What if a cardiac patient returning for a follow-up visit can arrive at a clinic, get their blood drawn, take a stress test and have an echocardiogram, eat a heart-healthy lunch, meet with their cardiologist—who has all the information from their tests—and walk out with an updated treatment plan, a list of healthy foods, and their updated prescriptions? And what if the patient can arrange the entire visit from a single interaction with a patient access contact center?

Yet moving away from longstanding, provider-centric workflows can be difficult. Not long ago, I sat across the table from a CEO who expressed frustration that despite relocating a mammography suite into his women’s health clinic, his wife still had to schedule two different appointments for a checkup.
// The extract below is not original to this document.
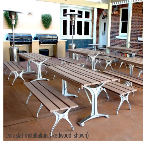
Table Model: UT11 (wheelchair accessible) Bench Seat Model: BS1 Battens: Duraslat Grey (composite hardwood and non-toxic PVC) Upper support and legs: Powdercoated cast aluminium (Dulux 'Citi Pearl') Mounting: Surface mounted

Manufacturer: Botton & Gardiner Skatestoppers are available as a plant attachment.

The team blamed it on their electronic medical records, and said they would look for ways to resolve it in the future. And yet, their competitor’s clinic down the street was already providing an integrated, annual women’s health check in one visit—with lab, mammography, pap smear, and physician visit combined!

One example of a company bringing a bundled approach to access is Signify Health. Their home-based health evaluation visits connect clinicians to Medicare Advantage and Medicaid plan members in order to create a complete view of their health. They identify and address risk and quality gaps in care through workflow that are designed to evaluate health conditions, observe social and care-based needs, and deliver diagnostic and screening services in a single visit. In addition, they deliver these services at a cost for payers that is significantly lower than a comparable set of services from most health systems.

Conclusion: Taking Action

Providers intent on delivering meaningful, patient-centered access to care must be prepared to build a seamless experience for patients from the time they reach out to schedule their first appointment to the time their “visit” is complete. Unfortunately, incremental solutions, while beneficial, are often a Band-Aid on larger, and existential, patient access problems.

Today’s disruptive competitors are digital natives and built-to-scale, and if they are not competing with you yet, they will be soon. How will your patient access stack up against them?